Mr. Alexis FitzGerald: I do not know if it is disorderly at this stage to second Senator Robinson's motion, which I should like to do, but I should like to be recorded as doing so. It seems to me the themes are cognate and the mischief is the same and that there are two different instruments to deal with this mischief. It seems orderly to take the proposal, which cannot be in dispute in this House, that we recommend an improved civil procedure. I cannot think that anyone in this House would dissent from the proposition that we would improve anything. Certainly, if it would be possible to improve the civil procedure for the recovery of possession, that would be a resolution which would be passed by this House immediately without, perhaps, debate and could take precedence without any difficulty over the Forcible Entry Bill. It cannot necessarily have any impact on it  because, even though I may oppose certain sections of the Forcible Entry Bill, the two could run together.
Mr. Horgan: I should like very briefly to support the amendment proposed by Senator Robinson. I would bow to her expertise and the expertise of Senator FitzGerald in the matter of law. I should simply like to record my conviction that any single item on this Order Paper is preferable to the Criminal Justice—the Forcible Entry Bill.
Tomás Ó Maoláin: May I now oppose the opposition of the Order of Business? May I now make speeches equivalent to all the speeches that have been made? We have serious business to do. Unlike Senator O'Higgins whose holidays apparently are completed, there are others who have had no holidays yet. The Courts Bill will be taken after the recess. If the Senators finish the Forcible Entry Bill now, we could take a motion tomorrow. We made a valiant attempt to deal with the Army Pensions Bill last week and the Senators know what happened. As soon as the Forcible Entry Bill is finished, we will deal with the Army Pensions Bill certainly.
Mrs. Robinson: Could I ask the Leader of the House whether he is prepared to give any grounds for refusing the motion in substitution for No. 1 on the Order Paper or does this mean that he just does not favour an  improvement in the civil procedure? In courtesy, there might be some reason given for refusing a motion.

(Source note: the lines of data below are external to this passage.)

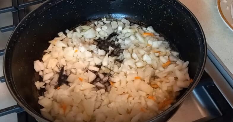 - Încingeți uleiul într-o tigaie. Adăugați ceapa tocată mărunt și prăjiți până devine aurie.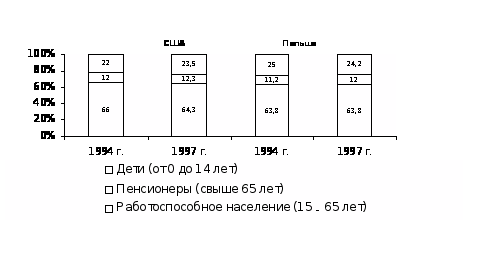 Рис. 1. Изменение численности населения в 1998г.по сравнению с численностью 1990г. в Аргентине и Канаде, %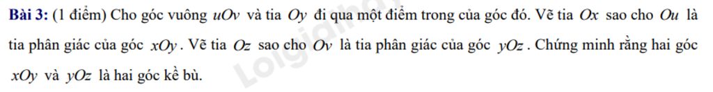 Bài 3: (1 điểm) Cho góc vuông uOv và tia Oy đi qua một điểm trong của góc đó. Vẽ tia Ox sao cho Ou là tia phân giác của góc xOy. Vẽ tia Oz sao cho Ov là tia phân giác của góc yOz. Chứng minh rằng hai góc xOy và yOz là hai góc kề bù.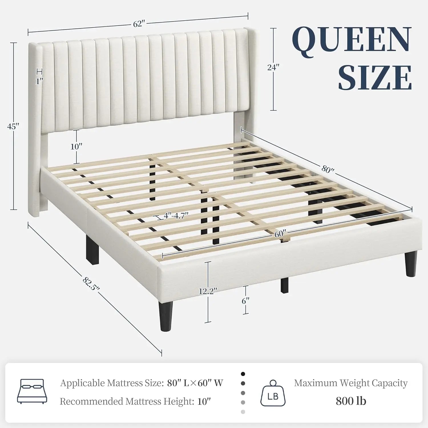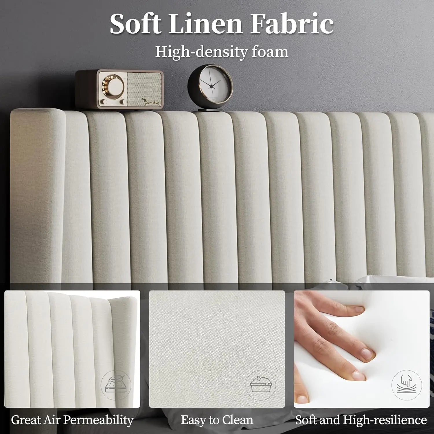 - Classic Design: Classic simple geometric wing side style, channel headboard, and skin-friendly linen fabric, the queen bed frame is a stunning decor for your bedroom furniture, seriously upgrading your room's aesthetic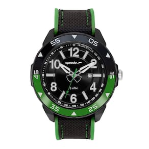 Características: com caixa em Policarbonato Preto e pulseira em Silicone Verde com detalhe em tecido Preto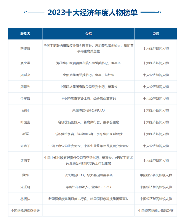 2023十大經(jīng)濟(jì)年度人物榜單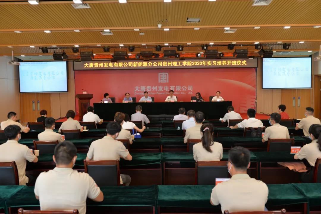 本网讯(人工智能与电气工程学院 刘帆/文图)8月13日下午,贵州理工学院与大唐贵州发电有限公司新能源分公司2020年实习培养开班仪式在大唐贵州发电有限公司举行。校党委书记曾羽,大唐贵州发电有限公司总经理刘建祥、副总经理韩旭东、新能源分公司总经理王昭力出席开班仪式,学校教务处、人工智能与电气工程学院、大数据学院相关负责人,2020年“大唐定制班”学生参加了此次活动。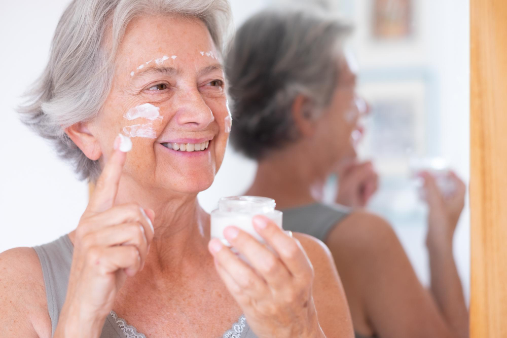 - После 50 лет старение ярко выражено. Помогают кремы с витаминами, пептидами и сильным увлажняющим эффектом.
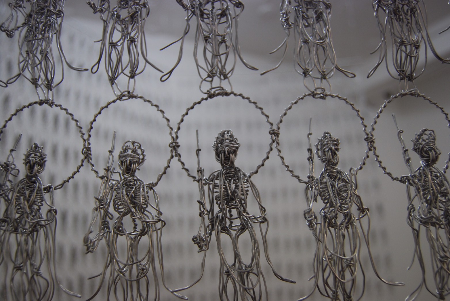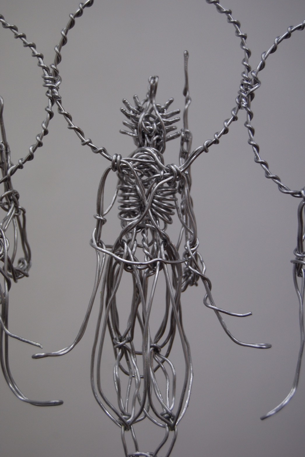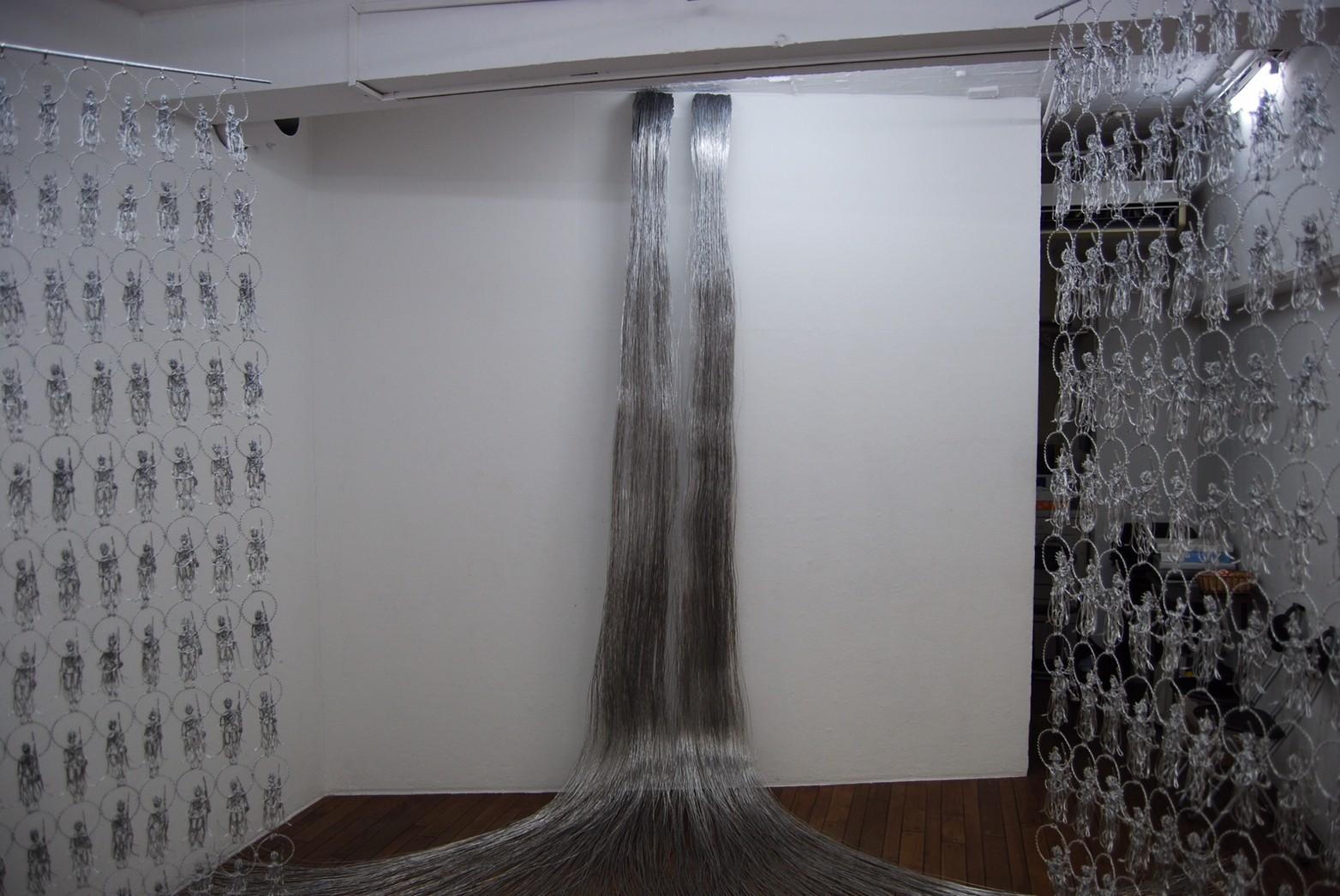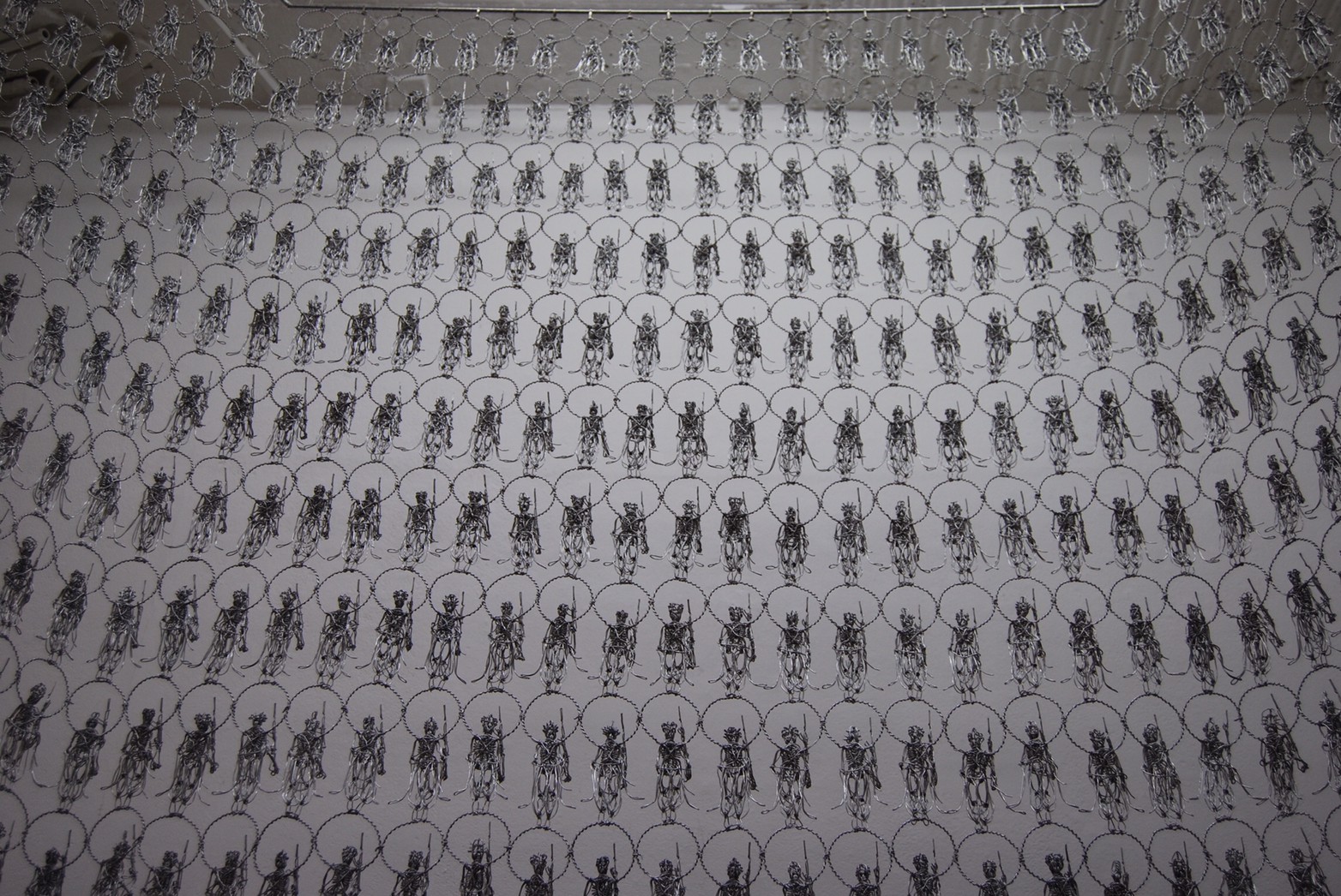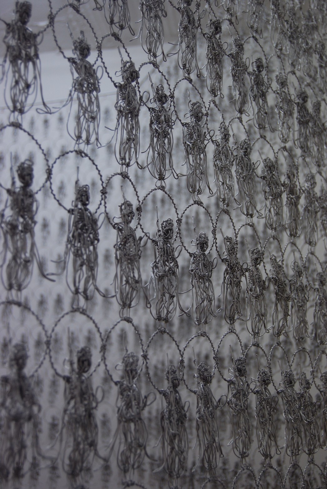 神の次は仏である。前作との繋がりであるのはたやすく想像できると思う。しかし発想の動機は小学生の修学旅行で行って以来、度々訪れた三十三間堂の千体仏を眼前にした時の感動と心の静寂感からである。ただ単純に、三十三間、横に広がる千体仏に囲まれてみたいと思った。仏の内にいる感覚を体験してみたかった。でも、つくる仏は戦隊仏、線体仏である。これも、昨年の「IESUS 」と同様、頭からつくるが、終わりは機関銃の銃口を少し切ることで終わる。1体1体同じものは無い。今回は塗装は行っていないアルミの地肌のままだ。空間に隠そうとはしなかった。自分がそれに囲まれ少しは隠れたかったのかもしれない。1体に使う針金の長さは3、3m。1体つくりあげる時間は1時間弱。つくる手順に法則は無いが、ほどいて行けばわかる。銃を携えた仏千体に囲まれた感覚は、さて如何ほどか?

Professor Quinlan: The Leader of the House, in reply to Senator Kelly, agreed to facilitate the House by taking two motions when we reassemble. That means that effectively he is pigeonholing the Buchanan Report and the Devlin Report.
An Cathaoirleach: I would ask the Senator to sit down. He is not asking a question. He is attempting to make a speech. I have told him that no more speeches can be heard. I am putting the question that the figure “1” stand.